Isto Não É O Teu Pai, António?
"Isto Não É Cinzeiro" já era bom, agora, "Isto Não É O Meu Pai"? Foda-se António. Só me ocorrem asneiras quando sou golpeada assim. Fico sem chão, desarmada, com uma vontade enorme de te dizer apenas
- Foda-se António.
Atiro um bloco de post-it para o fundo da mala e penso: da próxima vez que me servirem uma torrada com margarina, corro para a cozinha à procura do pacote de Becel, e espeto-lhe um letreiro em cima:
Isto Não É Manteiga.
E da próxima vez que me magoarem, outro letreiro:
Isto Não É Para Estragar.
E da próxima vez que a minha avó me desse um sucedânio, outro letreiro:
Isto Não É Chocolate.
(Avó, aquilo não era chocolate caramba)
"Da próxima vez que a minha avó me desse". Péssima gramática (é gramática isto? se calhar também aqui faz falta um letreiro).
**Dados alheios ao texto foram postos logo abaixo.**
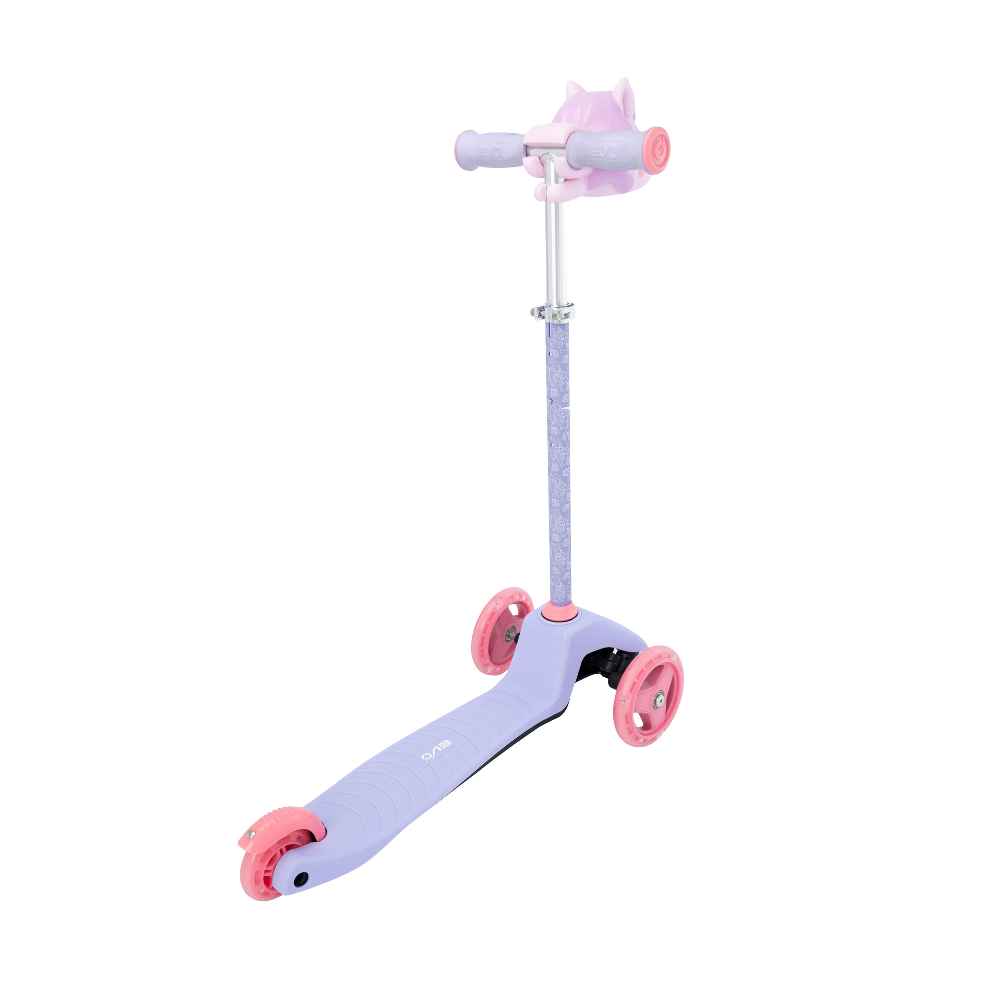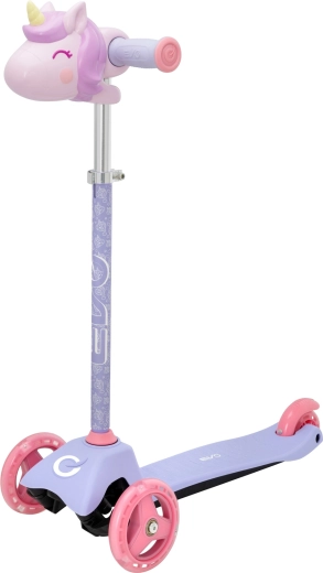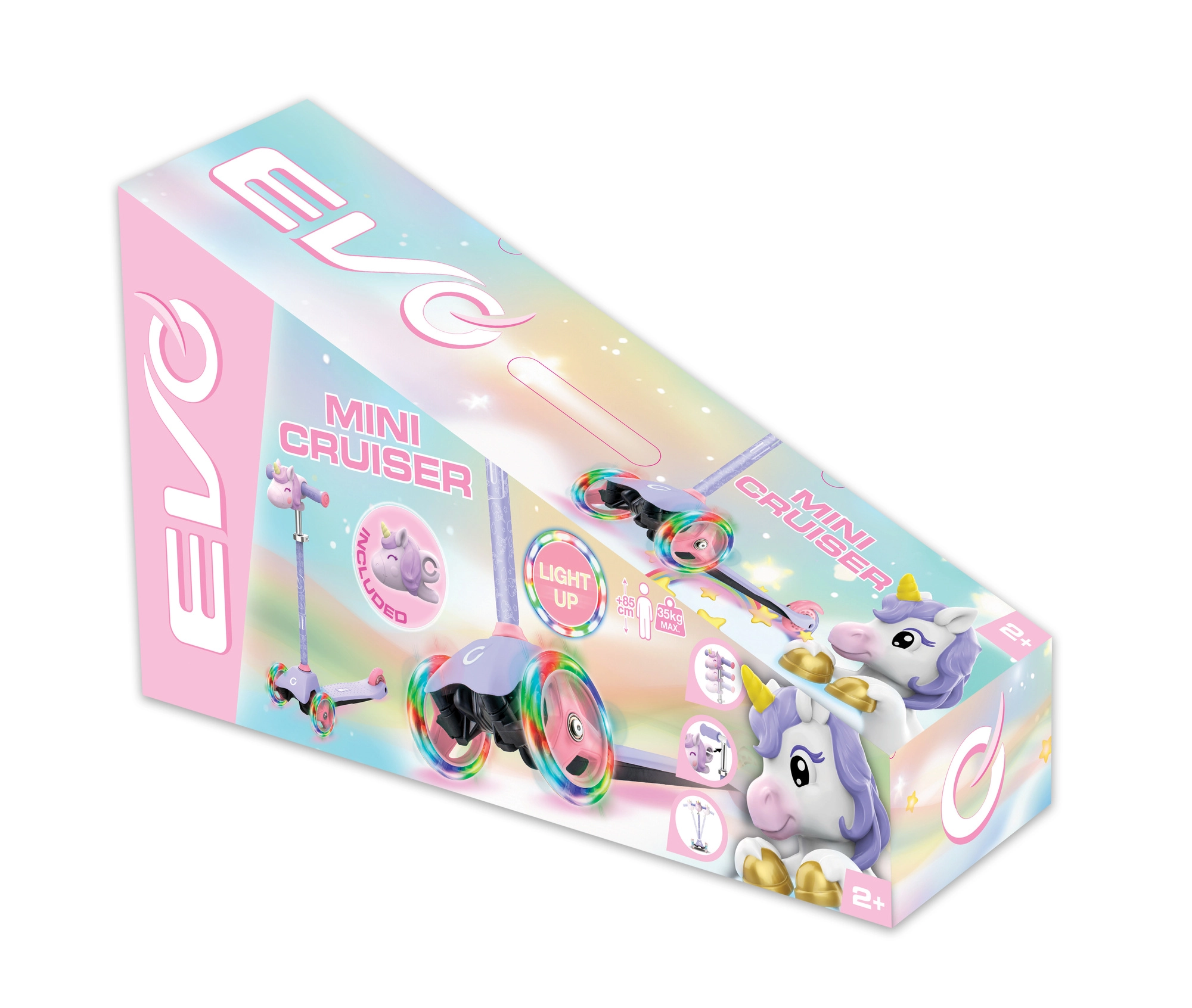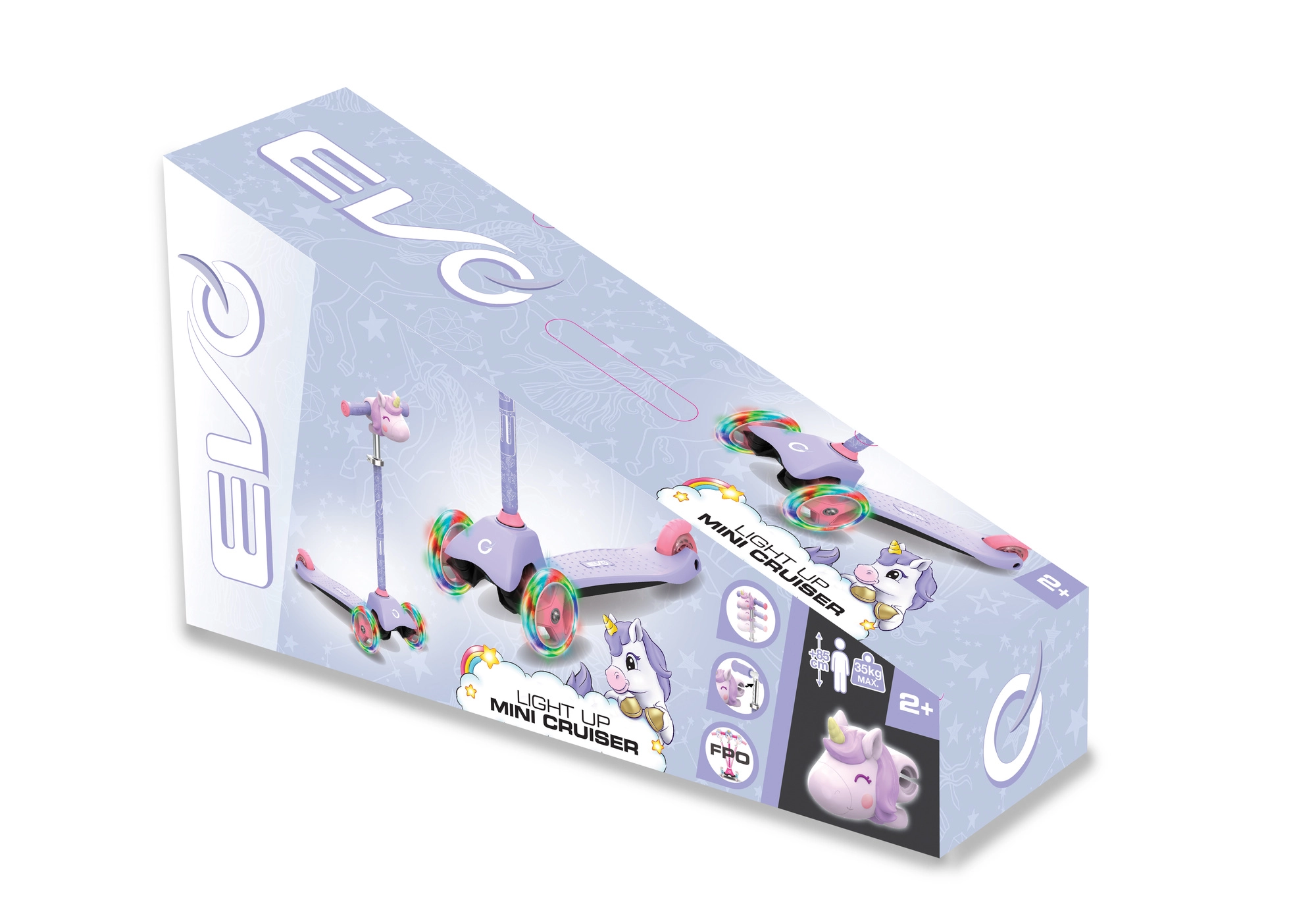 Dječji troskating romobil EVO Light Up Mini Cruiser s motivom jednoroga razveselit će male vozače već od 2 godine. Nudi stabilna tri kotača, široku nisku podnicu, podesiva upravljača i svjetleće prednje kotače za još zabavniju vožnju. Zahvaljujući balansiranom upravljanju naginjanjem razvija ravnotežu i koordinaciju, dok stražnja nožna kočnica osigurava sigurno zaustavljanje.

Com ou sem letreiro, assim se vive para além da morte. Ainda no outro dia, num acto falhado, perguntei à minha irmã
-Tens falado com a avó?
(Que tonta, rapariga)
O que eu gostava que um dia, daqui a muitos anos, quando não houver mais de mim cá em baixo, alguém perguntasse, ainda que num acto falhado
-Tens falado com a AC?
Ou que alguém me pusesse um letreiro
"Isto não é a AC"
Porque só se põe um letreiro a identificar o que não é, quando se sabe o que foi. Só se reconhece que não está lá, aquilo que nos faz falta.
A minha avó deve fazer-me falta, e o sucedânio de chocolate também.

*crónica publicada por António Lobo Antunes (Visão, 9 de Setembro de 2004)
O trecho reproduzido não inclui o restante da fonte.